Below is the graphical representatin of this annotation pipeline :graphical representation of the cluster annotation pipeline



Annotating your own clusters

Using CAGE-Tag-Cluster-Annotation.sh

File:CAGE-Tag-Cluster-Annotation.sh.zip
File:CAGE-Tag-Cluster-Annotation-Bin.zip
CAGE-Tag-Cluster-Annotation.sh annotation files

usage: ./CAGE-Tag-Cluster-Annotation.sh -o <OSCfile to annotate> -a <file listing the annotation to be used>

Use a combination of calls to BedTools (intersectBed, groupBy, etc) to annotate clusters
produced by F5 HelicosCAGE clustering pipeline and formatted as an OSCfile (-o or STDIN)
with respect to an ordered list of BED6 formatted annotations files, those files are to
be listed in a tab delimited text file (-a) which along with the path to the actual BED6
formatted annotation file contains information regarding the respective orientation of
the cluster and annotation to be considered (aka in 'sense' or 'anitsense'), the name to
be reported and if clusters overlapping a first annotation should be filtered out or taken
into consideration or not if overlapping a second annotation further down the ordered list
(for more details, see the description the -a option or few of the illustrative examples
below).
Additionally, it is possible to trigger the summation of (numerical) columns (-s) by
aggregating over the annotation names (-n) and/or annotation classes (-c) of the list of
BED6 formatted annotations files (See examples below for more details).

version: 1.6

OPTIONS:
-h Show this message.
-v Verbose level (1-9).
-w Show the commented lines of this script.

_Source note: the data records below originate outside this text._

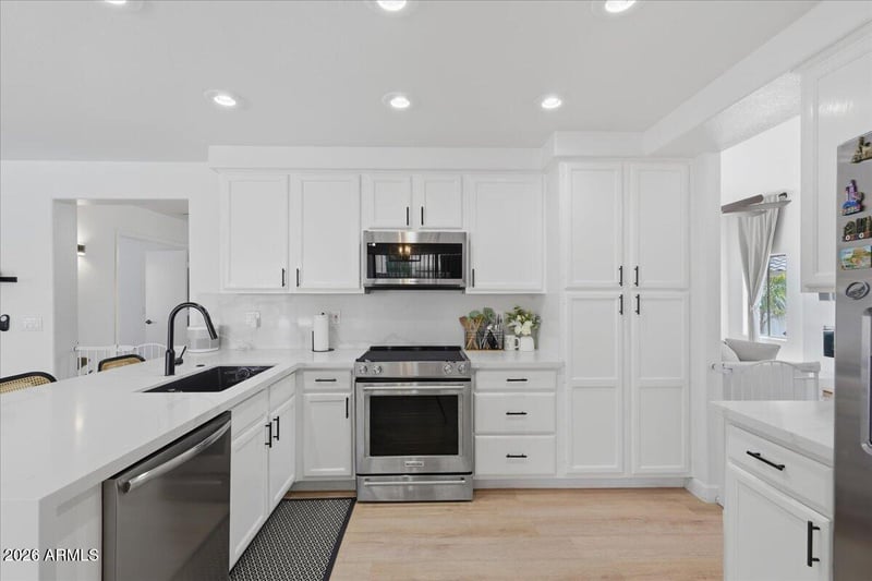 Listing details for 2442 Augustine Cir, Mesa, AZ 85209 : A private pool, a half basketball court, and a fully updated interior--this is the kind of setup buyers are always looking for but rarely find. Set in Superstition Springs Village, this 5-bedroom, 3-bath home offers 2,352 sqft of well-designed space with room to live, work, and entertain--including a full bedroom and bathroom on the main level, ideal for guests or multi-generational living. Inside, you'll find brand new vinyl flooring throughout and a remodeled kitchen featuring quartz countertops and clean, modern finishes that give the home a fresh, move-in ready feel. Out back is where this home separates itself--a private pool and half basketball court create a space that's built for both relaxing and entertaining. Located just minutes from the US-60 and Loop 202 with quick access to shopping, dining, and everyday conveniences.
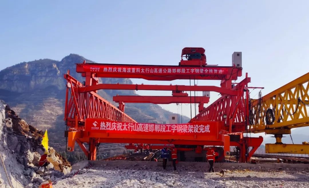 (海波重科新聞報道)2019年11月19日,由海波重科承接的太行山高速公路邯鄲段工字鋼梁全線貫通。甲方華川集團黨委書記、董事長、總裁謝應文、總工程師曾昭明、華北片區指揮長陳杰、項目經理牟世輝、海波重科總經理劉乾俊、項目執行經理趙占云、項目總工甘泉等領導共同見證這一振奮人心的時刻。
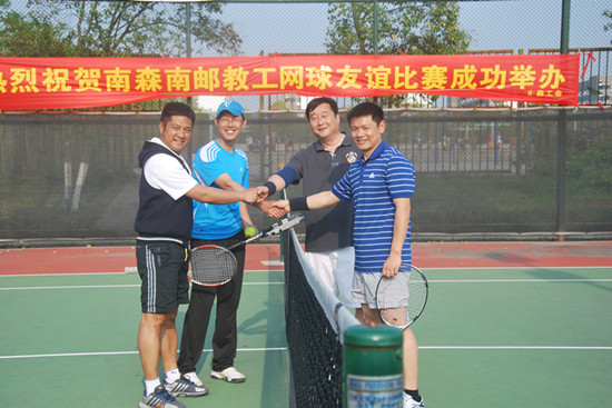 2014年4月14日,为加强南京邮电大学与南京森林警察学院两校的交流,提升两校教职工网球水平,促进教学运动一体化,我校教职工网球协会率队参加由南森、南邮共同主办,南森承办的“首届南森南邮教职工网球友谊赛”。
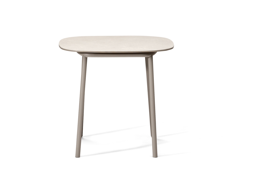 The table top is ceramic, laminated on glass and is completely scratch, UV, water and weather proof, but has a delicate cloudy pattern giving it a subtle, luxurious appearance. There are several different ceramic colours to choose from, of which the sabbia and scisto ceramics may feature delicate veins.
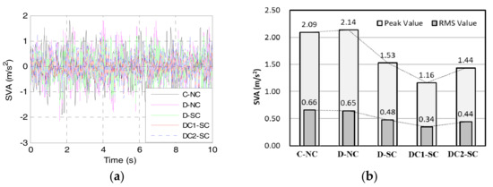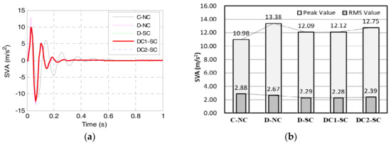 Sprung mass vertical acceleration (SVA). (a) Responses in time domain; (b) Peak value and RMS value.
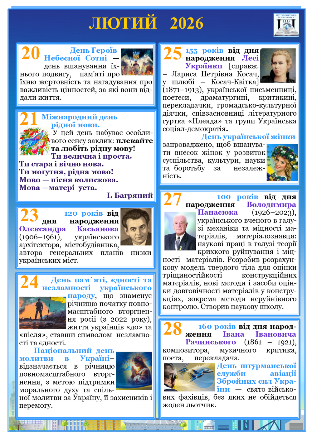 Календар знаменних дат і подій на лютий 2023 року
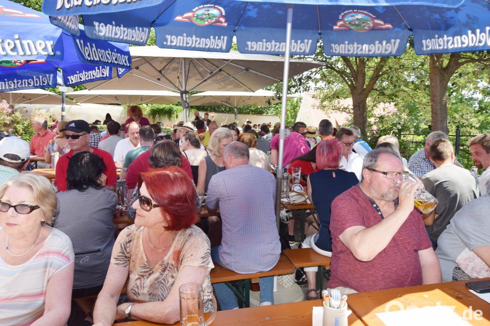 (no) Es ist schon gute Tradition, dass das Weiße Ross in Illschwang an Fronleichnam mit besonderen Schmankerln auf der Speisekarte aufwartet. In diesem Jahr befand sich die Festzone für den Schlemmerfrühschoppen nicht im Innenhof, sondern im Biergarten und am Vorplatz des Landhotels. Wem es unter den Sonnenschirmen noch zu heiß war, fand in den Gasträumen ein passendes Plätzchen. Zum Essen war für jeden Geschmack etwas dabei. Das Spektrum reichte von Ochsenbraten und Kirchweihente über Pfifferlinge in Rahm bis zur Bachforelle vom Holzkohlengrill oder gebratenen Garnelen mit frischen Kräutern. Als Nachspeise standen eine Rhabarber-Quarkschnitte und marinierte Erdbeeren mit Waldmeistereis zur Wahl. Musikalisch verwöhnten die Tanngrindler Musikanten die Gäste. Zur Nachkirwa am Montag startet ab 18 Uhr der Gartenbetrieb mit den Spaltern.
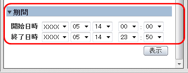 レポートの種類によって、[期間]域が表示されます。内容は、指定したレポート種別によって異なります。
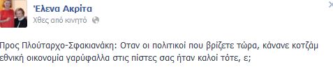 “Προς Πλούταρχο-Σφακιανάκη: Όταν οι πολιτικοί που βρίζετε τώρα, κάνανε κοτζάμ εθνική οικονομία γαρύφαλλα στις πίστες σας ήταν καλοί τότε, ε;”, ήταν το σχόλιο της γνωστής δημοσιογράφου.
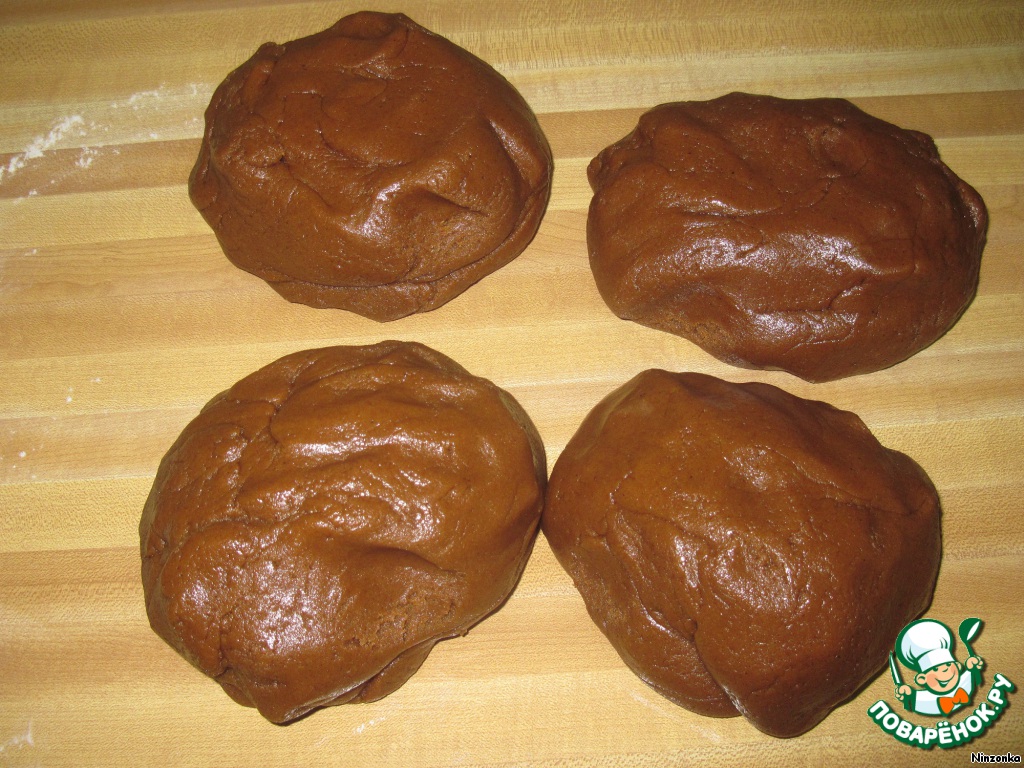 Получается вот такое тесто. Разделить его на 4 части. Это просто для удобства.
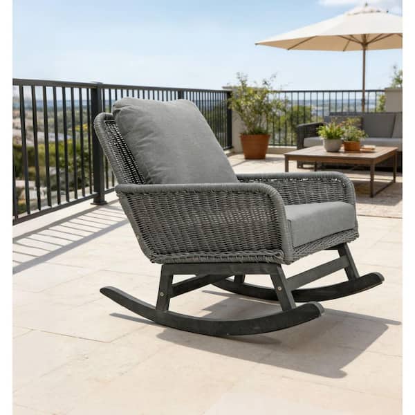 1-Piece Wicker Outdoor Rocking Chair, Porch Rocker with Gray Cushion
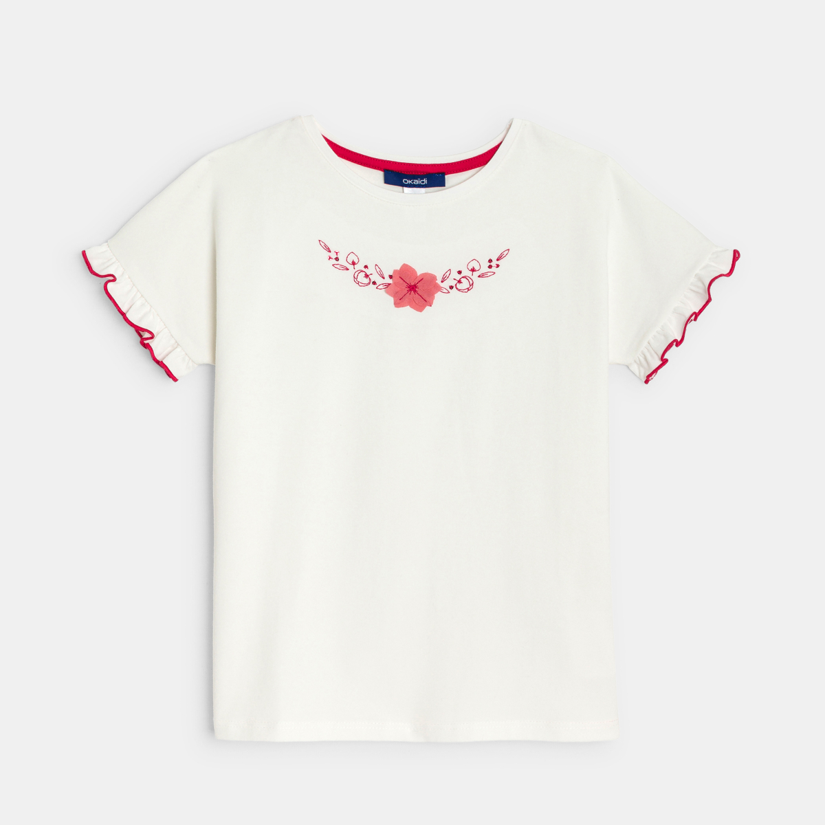 كما هو الحال مع هذا التيشيرت بأكمام قصيرة، اختر الزهور مرارًا وتكرارًا: فهي جميلة وخالدة ورومانسية! قماش جيرسي من القطن الناعم. قصّة مستقيمة. ياقة مستديرة. تطريز وزهرة مقصوصة ومضلعة من الأمام. أكمام قصيرة وحواف مكشكشة وخياطة بوردون بلون مغاير. الحافة السفلية مستقيمة.
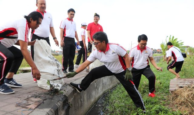 SERENTAK – Bupati Giri Prasta pimpin langsung Gerakan Serentak Badung Bersih 2019 di Desa Adat Dalung tepatnya di kawasan Wantilan Widya Mandala Utama, Pura Dalem Gede, Desa Adat Dalung, Jumat (16/8).
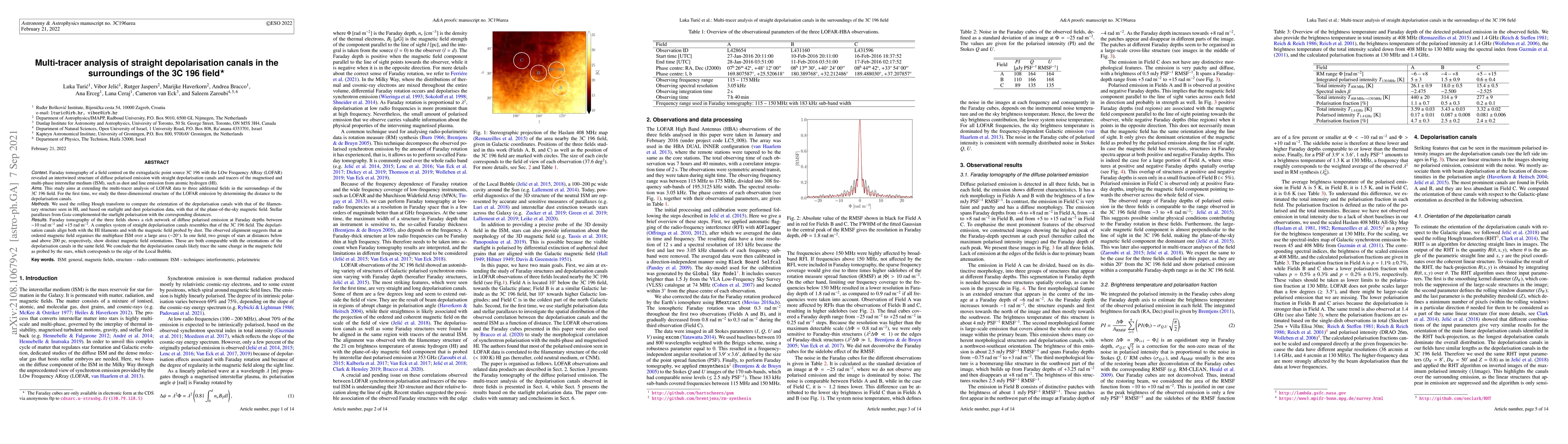 Faraday tomography of a field centred on the extragalactic point source 3C 196 with the LOw Frequency ARray (LOFAR) revealed an intertwined structure of diffuse polarised emission with straight depolarisation canals and tracers of the magnetized and multi-phase interstellar medium (ISM), such as dust and line emission from atomic hydrogen (HI). This study aims at extending the multi-tracer analysis of LOFAR data to three additional fields in the surroundings of the 3C 196 field. For the first time, we study the three-dimensional structure of the LOFAR emission by determining the distance to the depolarisation canals. We use the Rolling Hough Transform to compare the orientation of the depolarisation canals with that of the filamentary structure seen in HI and, based on starlight and dust polarisation data, with that of the plane-of-the-sky magnetic field. Stellar parallaxes from $Gaia$ complement the starlight polarisation with the corresponding distances. Faraday tomography of the three fields shows a rich network of diffuse polarised emission at Faraday depths between $-10~{\rm rad~m^{-2}}$ and $+15~{\rm rad~m^{-2}}$. A complex system of straight depolarisation canals resembles that of the 3C 196 field. The depolarisation canals align both with the HI filaments and with the magnetic field probed by dust. The observed alignment suggests that an ordered magnetic field organises the multiphase ISM over a large area ($\sim$20$^{\circ}$). In one field, two groups of stars at distances below and above 200 pc, respectively, show distinct magnetic-field orientations. These are both comparable with the orientations of the depolarisation canals in the same field. We conclude that the depolarisation canals likely trace the same change of the magnetic field as probed by the stars, which corresponds to the edge of the Local Bubble.
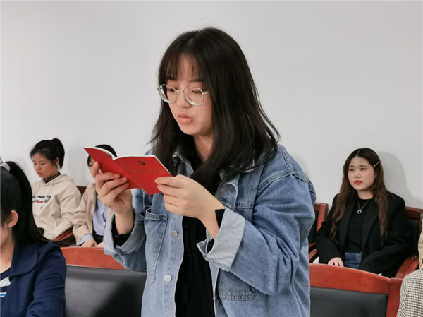 学生第一党支部书记丁彩瑶老师首先对学生党员关于应知应会、浙江三地建设、三严三实、两学一做等内容进行了抽查,并查看大家学习强国平台和学习记录本的学习情况,同时带领大家进一步了解应知应会、浙江三地建设、三严三实、“两学一做”以及《中国共产党章程》里的重要内容。作为浙江省党建样板支部,丁老师也在会上分享了学生第一党支部工作经验,介绍了样板支部的建设情况。
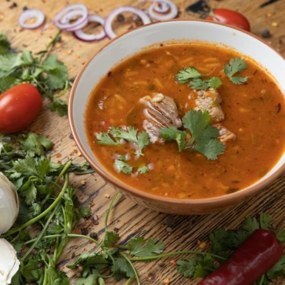 Наваристый грузинский суп с говядиной, рисом, зеленью и пряными кавказскими специями
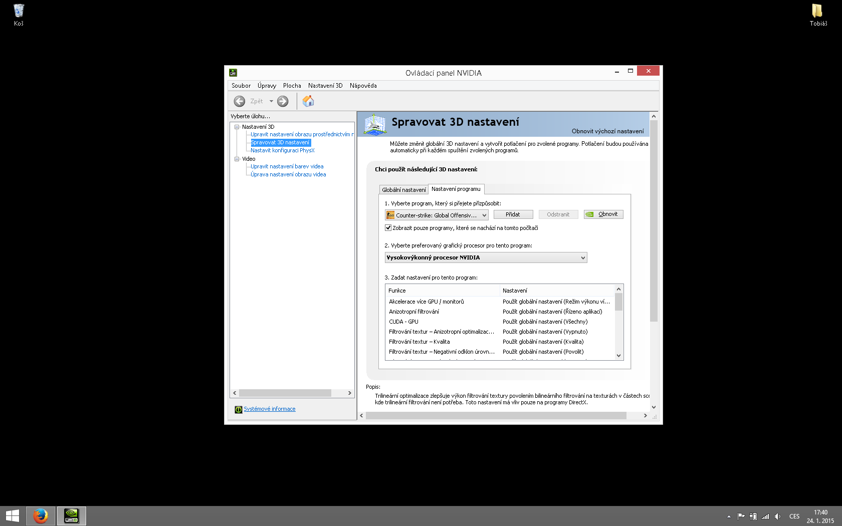 Dobrý podvečer, už tak 2 měsíce se mi hry spouští na Integr. kartě Intel HD 3000 , problém je v tom, že i když nastavím vyjímku v ovl. panelu NVIDIE tak se to přehodí zpět na Integrovanou, hry běží na GT540M jen když hru pustím s Grafickým procesorem GT540M, což funguje, ale např. u hry CS:GO nemůžu hrát kompetetivní zápasy, jelikož hra nebyla spuštěna přes Steam, ale ručně se změnou o které Steam neví etc. etc. . Neznáte někdo řešení jak pevně nastavit GT540M jako hlavní graf. kartu ? Přeinstalaci ovladačů jsem zkoušel, Windowsu také . Děkuji .
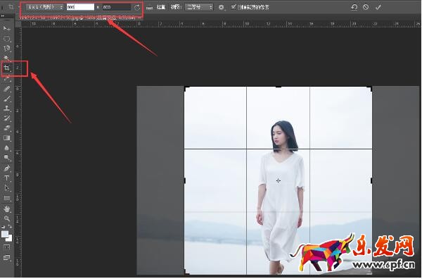 首先打开我们的ps工具,先开始处理横的长方形图片,一般这样图片我们可以通过裁剪工具对图片进行裁剪就可以了。选择裁剪工具,对你的图片大小设定一下,然后按enter键就完成了这张图片的处理,是非常简单的。
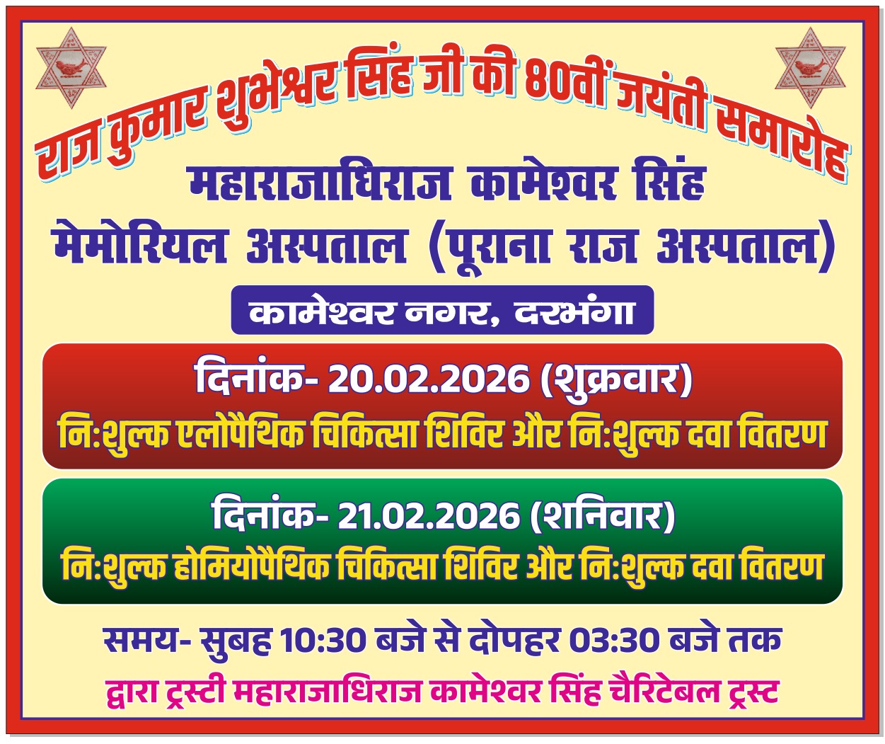 #MNN24X7 दरभंगा, मिथिला की ऐतिहासिक विरासत और राजदरभंगा परंपरा के प्रमुख स्तंभ रहे स्वर्गीय राजकुमार शुभेश्वर सिंह की 80वीं जयंती शुक्रवार को श्रद्धा, सेवा और सामाजिक सरोकार के संकल्प के साथ मनाई गई। इस अवसर पर महाराजा कामेश्वर सिंह मेमोरियल अस्पताल परिसर में भव्य कार्यक्रम का आयोजन किया गया, जहां बड़ी संख्या में गणमान्य नागरिकों एवं समाजसेवियों ने उन्हें श्रद्धांजलि अर्पित की।

SIMPLE CLUSTER ANNOTATIONS
-o Path to the (optionally gzip-compressed) OSCfile to be annotated
   The OSCfile is likely obtained from F5 HelicosCAGE clustering pipeline,
   therefore, it assumes that :
      * The file contain a header, each line of which is marked by "##".
      * Comment line that will be reported but whose position relative to
      the data might be altered are marked by "##".
      * The first non "#|##" line contains a short description of the column
      content.
      * Columns are tab delimited.
      * The ordering of the columns is fixed and corresponds to :
         id, chrom, start.0base, end, strand, raw.<exp_name>, norm.<exp_name>
      side note: this script will work as long as ordering of the 1st columns are
        <something>, chrom, start.0base, end, strand
      * Positions are 0-based (see column ordering expectations).
      * 'chrom' names are similar to those defined in the annotation files.
      * The file may be in a gzip-compressed format.
-a Path to the file containing the list of sorted BED6 annotation file paths
   This list is to be sorted in the order in which potential annotations need to be
   looked-up, this ordering is crucial and allows for prioritizing one of several
   possible annotations, for example a cluster matching the promoter of a transcript
   may also overlap the intron of another transcript,this alternative annotation being
   somehow less relevant than the first one (note that this can be turned of by setting
   the filter flag as anything but '1', see below).
      * This file must be a tab delimited txt file with the following 4 columns
          1) A name for the annotation (aka prom500,S gencode_exon,AS ...) which
        describes synthetically the content of this annotation.
        This string will be appended to the annotated OSCFile send to STDOUT
        in its one-before-last column.
          2) The path to the BED6 formatted file holding the annotation
          3) The relative orientation of the annotation and input data (sense or
        antisense).
        Accepted values are "sense", "1", "S", or "antisense", "-1", "AS".
          4) A flag set to "1" for the filtering out of the overlapping data in
        subsequent sequential annotation look up.
      * This file may contain comments marked by the character "#" that will be ignored
        when parsed for execution of this script
      * The basename of this file will be used as the header associated metadata in :
          - ParameterValue[annotation_list_path] = <basename of this file>
          - ParameterValue[annotation_list] = <basename of this file>
          - ColumnVariable[annotation.<basename of this file>.class] = the class of ...
          - ColumnVariable[annotation.<basename of this file>.names] = comma delimited ...
-g Flag allowing the grouping of annotation names sharing the same class (aka prom, UTR)
   It is recommended to use this flag in order to obtain a single concise annotation for
   each given cluster.
-z Flag triggering the reporting of the sole annotation classes (aka without annotation names)
-x allows for specifying the string used to mark "intergenic" aka cluster that did not
   overlap with any of the listed annotation.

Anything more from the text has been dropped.